_Brief_:
Reproduce every line in the material below that holds "Figure".

_Provided records_:
**********

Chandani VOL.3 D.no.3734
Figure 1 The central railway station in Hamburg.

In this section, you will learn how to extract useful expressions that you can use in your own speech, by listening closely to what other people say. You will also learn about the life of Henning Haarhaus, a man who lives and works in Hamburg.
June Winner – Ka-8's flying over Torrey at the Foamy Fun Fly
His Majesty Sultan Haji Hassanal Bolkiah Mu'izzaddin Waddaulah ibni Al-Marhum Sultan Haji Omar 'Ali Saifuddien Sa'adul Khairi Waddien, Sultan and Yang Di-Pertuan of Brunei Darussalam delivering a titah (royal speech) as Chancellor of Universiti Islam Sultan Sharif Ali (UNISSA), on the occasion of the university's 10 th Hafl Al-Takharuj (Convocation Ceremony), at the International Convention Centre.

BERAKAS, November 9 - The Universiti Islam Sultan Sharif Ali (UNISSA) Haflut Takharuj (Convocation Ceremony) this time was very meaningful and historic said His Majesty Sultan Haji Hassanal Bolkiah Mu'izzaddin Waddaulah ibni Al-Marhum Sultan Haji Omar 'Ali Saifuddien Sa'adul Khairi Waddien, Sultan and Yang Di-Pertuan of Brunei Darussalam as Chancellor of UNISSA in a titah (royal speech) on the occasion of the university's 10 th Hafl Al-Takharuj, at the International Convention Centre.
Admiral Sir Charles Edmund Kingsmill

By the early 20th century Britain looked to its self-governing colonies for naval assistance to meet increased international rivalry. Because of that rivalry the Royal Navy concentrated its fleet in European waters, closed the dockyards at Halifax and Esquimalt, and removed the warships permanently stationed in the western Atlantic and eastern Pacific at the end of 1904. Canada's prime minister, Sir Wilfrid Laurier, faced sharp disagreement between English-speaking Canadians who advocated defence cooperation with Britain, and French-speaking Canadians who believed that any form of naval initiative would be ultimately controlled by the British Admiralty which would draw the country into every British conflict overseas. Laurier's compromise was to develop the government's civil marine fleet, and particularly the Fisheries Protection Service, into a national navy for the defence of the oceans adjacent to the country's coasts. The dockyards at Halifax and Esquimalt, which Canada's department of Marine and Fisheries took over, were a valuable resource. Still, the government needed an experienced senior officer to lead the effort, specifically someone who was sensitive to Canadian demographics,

**********

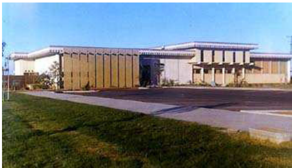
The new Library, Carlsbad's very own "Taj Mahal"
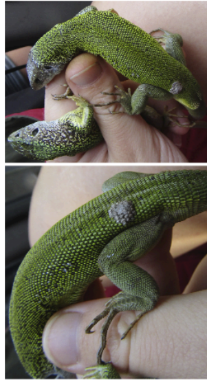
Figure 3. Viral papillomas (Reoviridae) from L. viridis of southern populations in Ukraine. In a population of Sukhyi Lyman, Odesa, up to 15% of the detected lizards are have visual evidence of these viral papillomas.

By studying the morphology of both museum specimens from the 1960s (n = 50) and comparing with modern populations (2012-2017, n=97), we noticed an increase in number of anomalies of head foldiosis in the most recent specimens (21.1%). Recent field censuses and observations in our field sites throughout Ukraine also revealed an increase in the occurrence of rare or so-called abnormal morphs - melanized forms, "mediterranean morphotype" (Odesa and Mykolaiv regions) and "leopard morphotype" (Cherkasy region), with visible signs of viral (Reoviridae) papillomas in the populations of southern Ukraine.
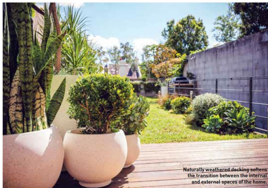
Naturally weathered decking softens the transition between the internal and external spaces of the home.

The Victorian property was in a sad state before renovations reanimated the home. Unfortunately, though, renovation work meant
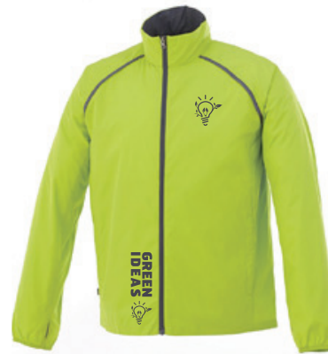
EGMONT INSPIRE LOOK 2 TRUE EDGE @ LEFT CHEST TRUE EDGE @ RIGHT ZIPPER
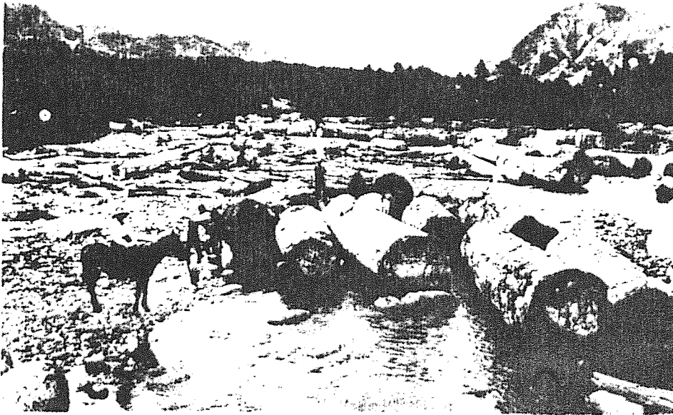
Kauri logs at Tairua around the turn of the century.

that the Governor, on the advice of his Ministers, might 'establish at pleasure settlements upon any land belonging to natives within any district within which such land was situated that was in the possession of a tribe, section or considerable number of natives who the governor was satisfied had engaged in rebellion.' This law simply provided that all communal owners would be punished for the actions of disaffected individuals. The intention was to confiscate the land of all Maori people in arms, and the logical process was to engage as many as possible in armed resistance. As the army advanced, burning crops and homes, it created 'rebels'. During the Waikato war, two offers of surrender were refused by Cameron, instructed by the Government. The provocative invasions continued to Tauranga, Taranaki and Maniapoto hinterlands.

**********

_Worked solution_:
Figure 1 The central railway station in Hamburg.
Figure 3. Viral papillomas (Reoviridae) from L. viridis of southern populations in Ukraine. In a population of Sukhyi Lyman, Odesa, up to 15% of the detected lizards are have visual evidence of these viral papillomas.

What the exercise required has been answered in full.